Now comes the interesting part. We need to roll through these keys, grab all of the variables assigned to them, and arrange them in a time series with their new labels.

In [14]:
#Capture COSTAT data columns
cd_cols=[var for var in df_list[1].columns if var.endswith('D')]

def vars2df(var_str):
    #Capture associated variables
    varlist=[var for var in cd_cols if var_str in var]
    #Capture associated sub-DF
    df=df_list[1].set_index('STCOU')[varlist]
    #Generate new multiindex for columns
    col_idx=pd.MultiIndex.from_tuples([(var[:6],yr_map[var[6:9]]) for var in varlist])
    #Set to column
    df.columns=col_idx
    df.columns.names=['VAR','YEAR']
    #Stack the years into the index
    df=df.stack('YEAR')
    #Rename the variable
    df.columns=[costat_concept_map[var_str]]
    return df
    
#Create a container to hold all of the new single-variable DFs
costat_var_dfs=[]

#For each variable concept...
for cvar in costat_concept_map.keys():
    #...capture the single-variable DF 
    costat_var_dfs.append(vars2df(cvar))
    
#Capture RES_POP* DFs
res_pop1=[df for df in costat_var_dfs if df.columns in ['RES_POP1']][0].rename(columns={'RES_POP1':'RESPOP'})
res_pop2=[df for df in costat_var_dfs if df.columns in ['RES_POP2']][0].rename(columns={'RES_POP2':'RESPOP'})
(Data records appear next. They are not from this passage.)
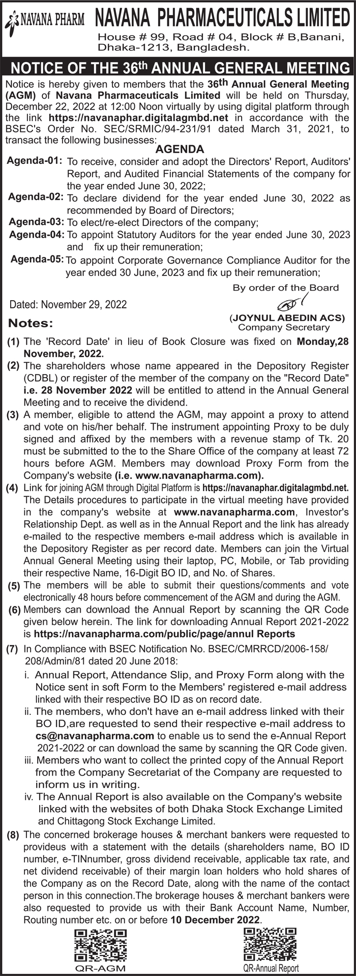 Notice of the 36th AGM of Navana Pharmaceuticals Ltd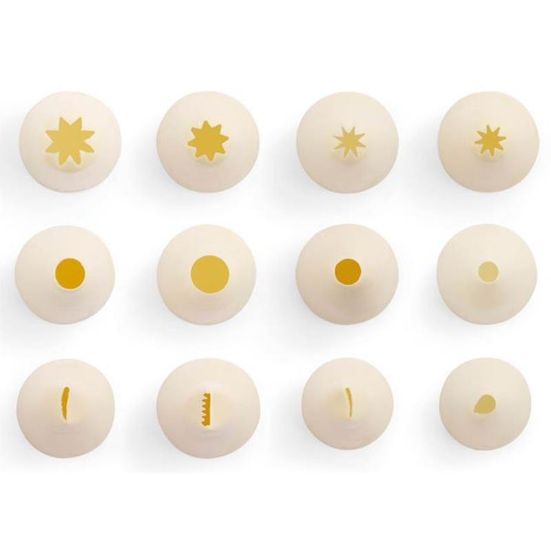 Koncovky na vrecká, ø 6-8-10-12. Na použitie v profesionálnej gastronómii. Ideálne pre pekárne a cukrárne. Precízne zdobenie tort a zákuskov. Vyrobené z polypropylénu alebo nehrdzavejúcej ocele. Dostupné modely rôznych tvarov. Súprava 12 rôznych koncoviek v škatuľke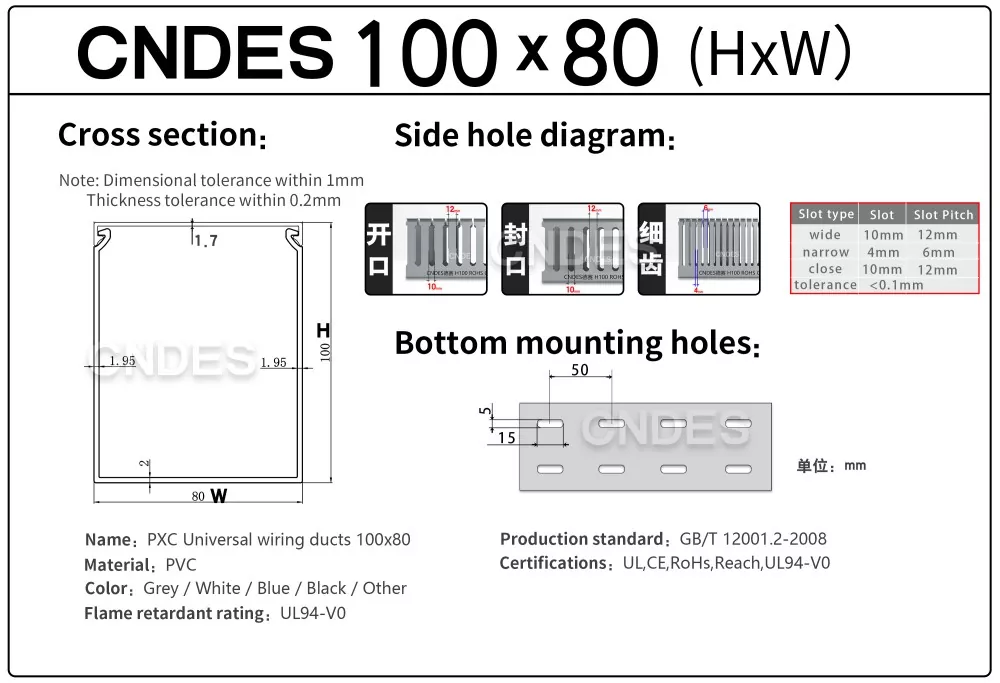 100×80 নমনীয় স্লটেড পিভিসি তারের নালী একটি 100 মিমি প্রস্থ এবং 80 মিমি উচ্চতার সাথে, এই তারের নালীটি এর জন্য আদর্শ: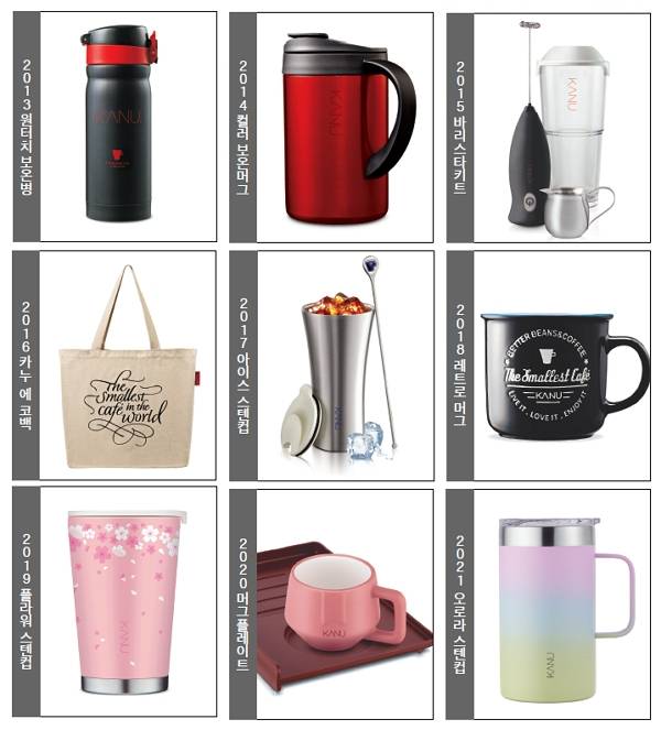 굿즈 하나를 내놓기까지는 마케팅, 디자인, 품질, 안전성, 트렌드 등을 단계마다 꼼꼼하게 살펴보고 고민하는 과정을 거친다. 일단 커피와 연관된 제품이어야 한다는 게 카누 굿즈의 기준이 된다. 머그, 텀블러, 보온병이 굿즈에서 가장 큰 비중을 차지하는 이유다.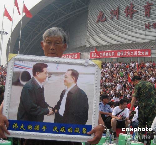 绵阳一受灾老妪手捧胡温合影观看慰问演出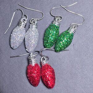 Glittery Holiday Light Bulb Earrings Set of 3 (NWOT)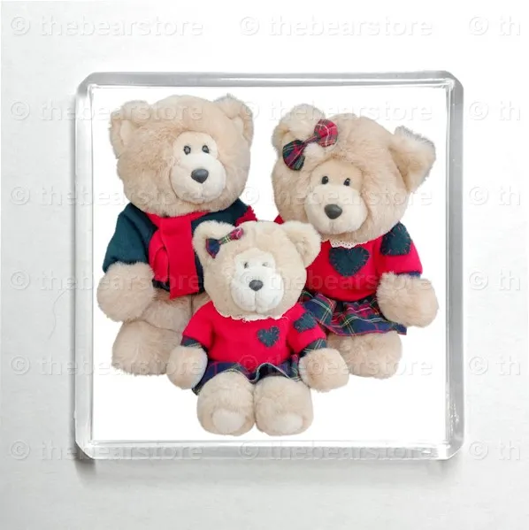 Square magnet featuring the TD Bear family - 'Preparing for Christmas' theme.

#Generate consolidated RESPOP variable
respop=pd.concat([res_pop1.loc[(slice(None),slice(1972,1997)),:],res_pop2]).sortlevel(0)

#Throw respop in costat_var_dfs
costat_var_dfs.append(respop)

costat_var_dfs[0]

Unnamed: 0_level_0,Unnamed: 1_level_0,D_GEN_EXP
STCOU,YEAR,Unnamed: 2_level_1
00000,1972,106499000
00000,1977,170938144
00000,1982,264355426
00000,1987,392014582
00000,1992,566959282
00000,1997,723603907
00000,2002,986370919
01000,1972,1060272
01000,1977,1905744
01000,1982,3153193


Depending on the variable, we end up having different time periods being covered.  We need to make sure that all variables can be joined together, so all years must be represented in the original set (to which all others will be joined).  We can execute this by taking the union of all the tuples underlying the MultiIndex in every variable-specific DF.  With this in hand, we can reindex the original DF, and join all the variables together.

In [15]:
#Capture union of all tuples from all indices
idx_tups=sorted(set.union(*[set(var_df.index.values) for var_df in costat_var_dfs]))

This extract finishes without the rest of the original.